On Fri, Oct 25, 2019 at 1:33 PM Marshall Schor  wrote:

> Hi,
>
> Here's what I vaguely remember was the driving use-cases for the sofa as a
> URI.
>
> 1.  The main use case was for applications where the data was so large, it
> would
> be unreasonable to read it all in and save as a string.
>
> 2.  The prohibition on changing a sofa spec (without resetting the CAS)
> was that
> it has the potential for users to invalidate the results, in this
> (imagined)
> scenario:
>
> a) User creates cas with some sofa data,
> b) User runs annotators, which create annotations that "point into"
> the sofa
> data
> c) User changes the sofa spec, to different data, but now all the
> annotations still are pointing into "offsets" in the original data.
>
> You can change the sofa data setting, but only after resetting the CAS.
>
> Did you have a use case for wanting to change the sofa data without
> resetting the CAS?
>
>
> It sounds like you have another interesting use case:
>
> a) want to convert the sofa data uri -> a string and have the normal
> getDocumentText etc. work, but
> b) have the serialization serialize the sofaURI, and not the data
> that's
> present there.
>
> This might be a nice convenience.
>
> I can see a couple of issues:
>   a) it might need to have a good strategy for handling very large data.
> E.g.,
> the convert method might need to include a max string size spec.
>   b) Since the serialization would serialize the annotations, but not the
> data
> (it would only serialize the URI), the data at that URI could easily
> change,
> making the annotation results meaningless.  Perhaps some "fingerprinting"
> (developing a checksum of the data, and serializing that to be able to
> signal if
> that did happen) would be a reasonable protection.
>
> Maybe do a new feature-request issue?
>
> -Marshall
>
> magine the JavaDoc for this method would be saying something like: has the
> potential to exceed your memory, at run time, due to the potential size of
> the
> data...
>
>
> On 10/25/2019 12:59 PM, Richard Eckart de Castilho wrote:
> > Hi,
> >
> > On 25. Oct 2019, at 17:53, Marshall Schor  wrote:
> >> One other useful sources for examples:  The test cases for UIMA, e.g.
> search the
> >> uimaj-core projects *.java files for "getSofaDataStream".
> > Ok, let me elaborate :)
> >
> > One can use setSofaDataURI(url) to tell the CAS that the sofa data is
> actually external.
> > One can then use getSofaDataStream() resolve the URL and retrieve the
> data as a stream.
> >
> > So let's assume I have a CAS containing annotations on a text and the
> text is in an external file:
> >
> >   CAS cas = CasCreationUtils.createCas((TypeSystemDescription) null,
> null, null);
> >   cas.setSofaDataURI("file:/path/to/my/file", "text/plain");
> >
> > Works nice when I use getSofaDataStream() to retrieve the data.
> >
> > But I can't use the "normal" methods like getDocumentText() or
> getCoveredText() at all.
> >
> > Also, I cannot call setSofaDataString(urlContent, "text/plain") - it
> throws an exception
> > because there is already a sofaURI set.
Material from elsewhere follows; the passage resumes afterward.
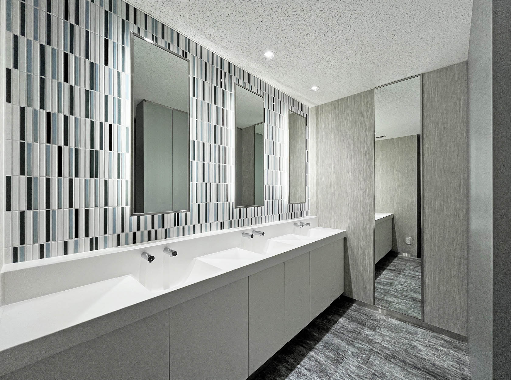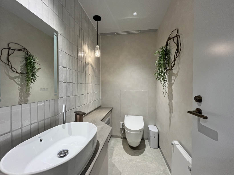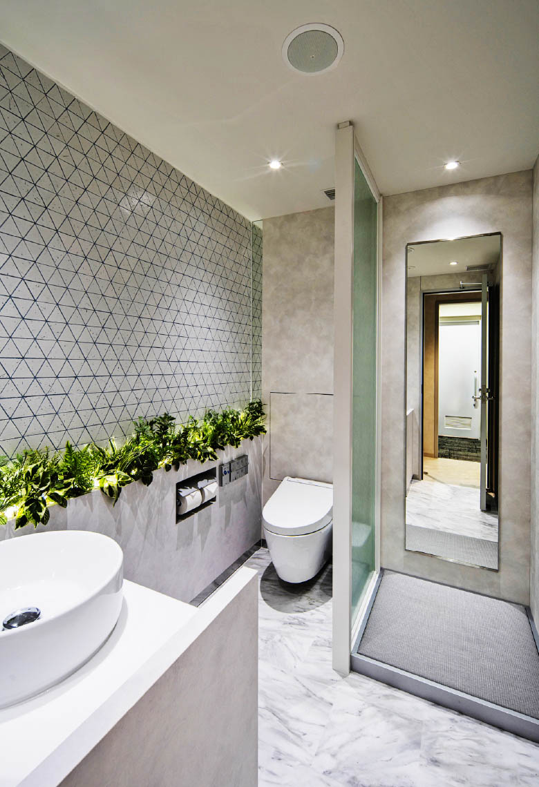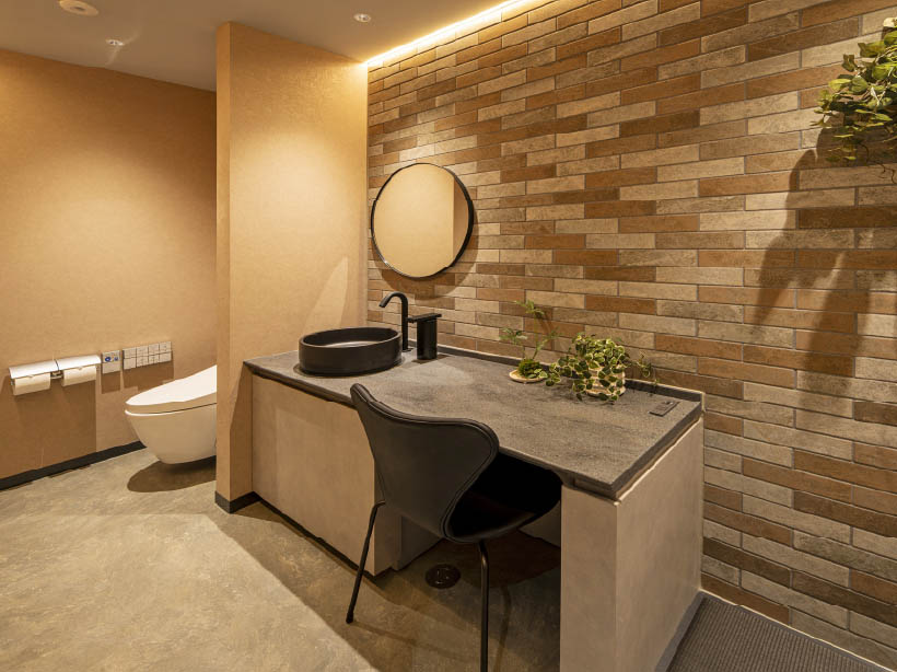 意匠や衛生器具を含め、年数を感じるトイレ空間を清潔感あふれる現代的な空間へと一新しました。2階には社内外の方も性別問わず利用可能なトイレとして「気分やタイミングに応じて自由な個室を選ぶ」というコンセプトを基に3つの個室トイレ(誰でもトイレ)を整備しました。個室内は照明温度と内装空間を揃えることにより統一感を感じ、リラックスできる快適な空間になるよう設計しています。

This is a major inconvenience.
> >
> > The ClearTK guys came up with an approach that tries to make this a bit
> more convenient:
> >
> > * they introduce a well-known view named "UriView" and set the
> sofaDataURI in that view.
> > * then they use a special reader which looks up the URI in that view,
> resolves it and
> >   drops the content into the sofaDataString of the "_defaultView".
> >
> > That way they get the benefit of the externally stored sofa as well as
> the ability to use
> > the usual methods to access the text.
> >
> > When I looked at setSofaDataURI(), I naively expected that it would be
> resolved the first
> > time I try to access the sofa data (e.g. via getDocumentText()) - but
> that doesn't happen.
> >
> > Then I expected that I would just call getSofaDataStream() and manually
> drop the contents
> > into setSofaDataString() and that this data string would be "transient",
> i.e. not saved
> > into XMI because we already have a setSofaDataURI set... but that
> expectation was also
> > not fulfilled.
> >
> > Could it be useful to introduce some place where we can transiently drop
> data obtained
> > from the sofaDataURI such that methods like getDocumentText() and
> getCoveredText() do
> > something useful but also such that the data is not included when
> serializing the CAS to
> > whatever format?
> >
> > Cheers,
> >
> > -- Richard
>


Re: Use of CASes with sofaURI?

2019-10-25 Thread Marshall Schor
Hi,

Here's what I vaguely remember was the driving use-cases for the sofa as a URI.

1.  The main use case was for applications where the data was so large, it would
be unreasonable to read it all in and save as a string.

2.  The prohibition on changing a sofa spec (without resetting the CAS) was that
it has the potential for users to invalidate the results, in this (imagined)
scenario:

    a) User creates cas with some sofa data,
    b) User runs annotators, which create annotations that "point into" the sofa
data
    c) User changes the sofa spec, to different data, but now all the
annotations still are pointing into "offsets" in the original data.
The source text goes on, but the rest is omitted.